Gelirimizin olup olmaması da hiç önemli değil; çünkü 100 lira kredi kullanıp faizi ile 120 lira öderken kârlı çıkıyoruz. Zira 100 liraya aldığımız ürünün fiyatı kredi faizi sonunda 170 lira oluyor. Tüketerek aslında 50 lira net kârda oluyoruz.
Ama aradaki fark birilerinin cebinden çıkıyor; üstelik 2016 yılından beri artarak.
Kim onlar sorusu şu verilerde yatıyor. Sermayenin milli gelirden aldığı pay 11 puan artarak yüzde 60’ı buldu. Ücretlilerin aldığı pay ise aynı oranda azalarak yüzde 25’lere geriledi.

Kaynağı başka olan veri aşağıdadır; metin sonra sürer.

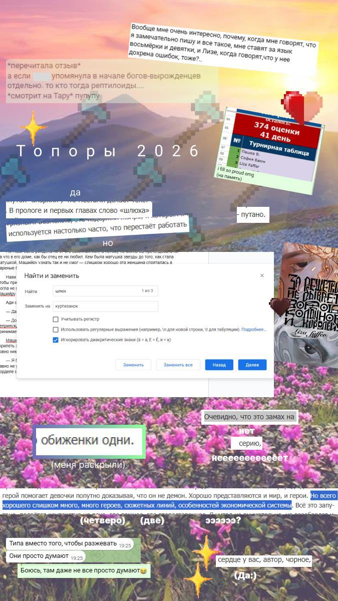Моей же святой целью было выяснить, насколько внятно идет повествование, возможно ли там вообще следить за событиями и не травмирует ли оно людей или все же надо прекращать пить во время работы с текстом. К счастью, подавляющее большинство рецензентов не только все поняло, но и наговорило мне много приятных слов, я не ожидала) Кто-то даже сказал, что было интересно, чему я очень обрадовалась, потому что в душе не чаю, как складывать события по-другому.

Bu dönem sermayenin ölçüsüzce nemalandığı benzersiz bir dönem!
***
Tl’nin değer saklama özelliğini kaybettikçe büyük tasarruf sahipleri hızla gayrimenkule ve otomobile talep gösteriyor. Enflasyon karşısında parayı koruyabilmenin yolu konut, araba, gayrimenkul almak olunca da konut ve konut dışı gayrimenkul fiyatları yükseldikçe yükseliyor.
Haliyle kiralar da uçuşa geçti. Gayrimenkuldeki yüksek fiyat artışı ciddi barınma sorunu yaratıyor. Ev sahibi kiracı çatışması büyüyor.
Devletin memurunun maaşı İstanbul’da birçok semtte kiralara yetmiyor. Eskiden ev alabilen 30 yıllık memurun emekli ikramiyesiyle şimdi ikinci el araba zor alıyor.
Evet ekonominin çarkları dönüyor ama iş ve aş peşinde koşarken ev ve otomobil hayalleri kaybolan nesiller çoğalıyor.
Hem de Türkiye ekonomisi geçen yıl yüzde 5.5 gibi Akp’nin en parlak yılları sayılan ilk 10 yıldaki ortalamasından daha iyi büyüme performansı ortaya koymasına rağmen.
Ekonomi kilo alıyor ama geleceği yiyor.